Demographic characteristics of positive students stratified by curve magnitude

As shown in Table 1, the PPV was 55.4% for the maximal Cobb angle of 10–19°, 37.8% for 20–39°, and 2.6% for ≥ 40° in the 426 students who were screened as positive. Both our [20] and other studies [2] have previously depicted a higher incidence of AIS in women;, in the present analysis we further found that the proportion of women with AIS with different curve magnitudes was higher than that of males (Cobb angle 10–19°: 43.2 vs. 12.2%; 20–39°: 34.7 vs. 3.1%; ≥ 40°: 2.6 vs. 0.0%; Z = -3.929, P < 0.001), suggesting that women present with more severe scoliosis.

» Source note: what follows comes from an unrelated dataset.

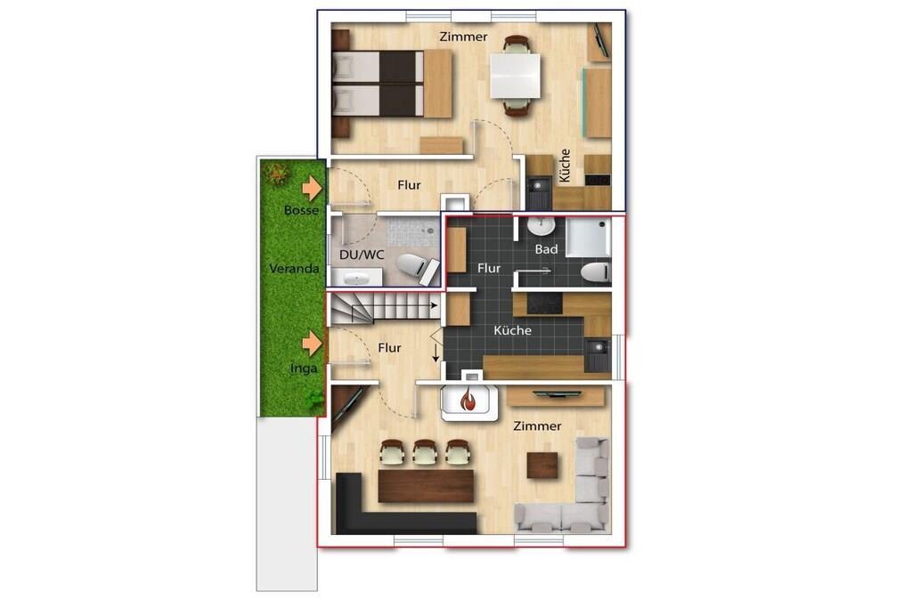 Stueetage: (entre(, ), entre(, ), Køkken(, , , kakkelovn, kogeplade, elkedel, brødrister, kaffemaskine, ovn, opvaskemaskine , køleskab, fryser), stue / spisestue(, , , bibliotek, Fjernsyn, spisebord, pejs, kakkelovn, DVD-afspiller, Blu-ray afspiller, radio), badeværelse(, , toilet, bruser, håndvask, føntørrer), badeværelse(, , toilet, bruser, bruser, håndvask, føntørrer)) På 1. etage: (badeværelse(, , toilet, badekar, håndvask, føntørrer)) Loft: (soveværelse(, , enkeltseng, enkeltseng, enkeltseng, enkeltseng, Fjernsyn, radio), soveværelse(, , dobbeltseng, dobbeltseng, Fjernsyn, radio)) , , , veranda, garage, Internetadgang, Internetadgang, Førstehjælp, tørretumbler, vaskemaskine, varme, have(, Grill center, Græsplæne, grill, havemøbler, solstole, sandkasse, Haveskur), parkering, strygebræt, strygejern, tørreskab

Patients with AIS were mainly aged 7–12y (52.6%) and 13–15y (39.0%) with Cobb angles of 10–19° (31.9 and 21.8%) and 20–39° (19.5 and 16.0%), which are greater than those observed in adolescents aged 16–19y (χ2 = 6.300, P = 0.043). These results indicate that the sex and age of patients with AIS are significantly associated with the severity of the curve magnitude.

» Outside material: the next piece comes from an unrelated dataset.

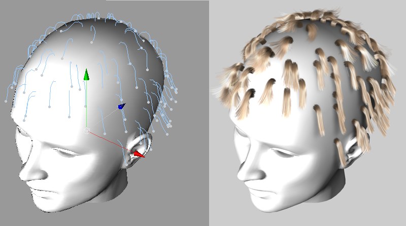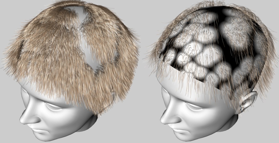 Perte de cheveux partielle. A droite : la texture (avec une matière Voronoï) a été projetée sur la tête. Les cheveux ont été rendus plus fins, ce qui a pour effet de rendre la texture visible.

Table 1 Demographics and incorrect postures of participants stratified by the distribution of the Cobb angleIncorrect postures and ATR Associated with the curve magnitude

As shown in Table 1, incorrect postures, including shoulder height, scapula tilt, and rib hump, were significantly different among the different curve magnitude groups. The AIS patients with Cobb angles of 10–19°, 20–39°, and ≥ 40° had greater incidences of left shoulder height (23.5%, 14.1%, and 0.9%), right shoulder height (21.1%, 19.0%, and 1.4%), left scapula tilt (23.5%, 15.5%, and 0.7%), and right scapula tilt (20.7%, 17.1%, and 1.4%) than that of normal shoulder (10.8%, 4.7%, and 0.2%; χ2 = 9.126, P = 0.010) and scapula height (11.3%, 5.2%, and 0.5%; χ2 = 8.048, P = 0.018). Interestingly, patients with AIS with Cobb angles of 20–39° and ≥ 40° had a greater proportion of right rib hump (22.5% and 2.1%) than those with normal rib morphology (11.0% and 0.2%) and left rib hump (4.2% and 0.2%; χ2 = 12.721, P = 0.002). Correspondingly, the AIS group with Cobb angles 20–39° and ≥ 40° had significantly higher frequencies of students with an angle of right thoracic rotation ≥ 5° (20.0 and 2.1%) compared to that of normal thoracic rotation 0–4° (13.8 and 0.2%) and left thoracic rotation ≥ 5° (4.0 and 0.2%; χ2 = 13.882, P = 0.001). No significant differences were reported in the percentages of other incorrect postures (pelvic tilt, lumbar concave, flat back, thoracolumbar kyphosis, and lumbar kyphosis) or ATR (angle of thoracolumbar or lumbar rotation) in the different curve magnitude groups. Taken together, the incorrect postures, including shoulder-height difference, scapula tilt, a rib hump, and angle of thoracic rotation, were significantly associated with the curve magnitude in students with AIS.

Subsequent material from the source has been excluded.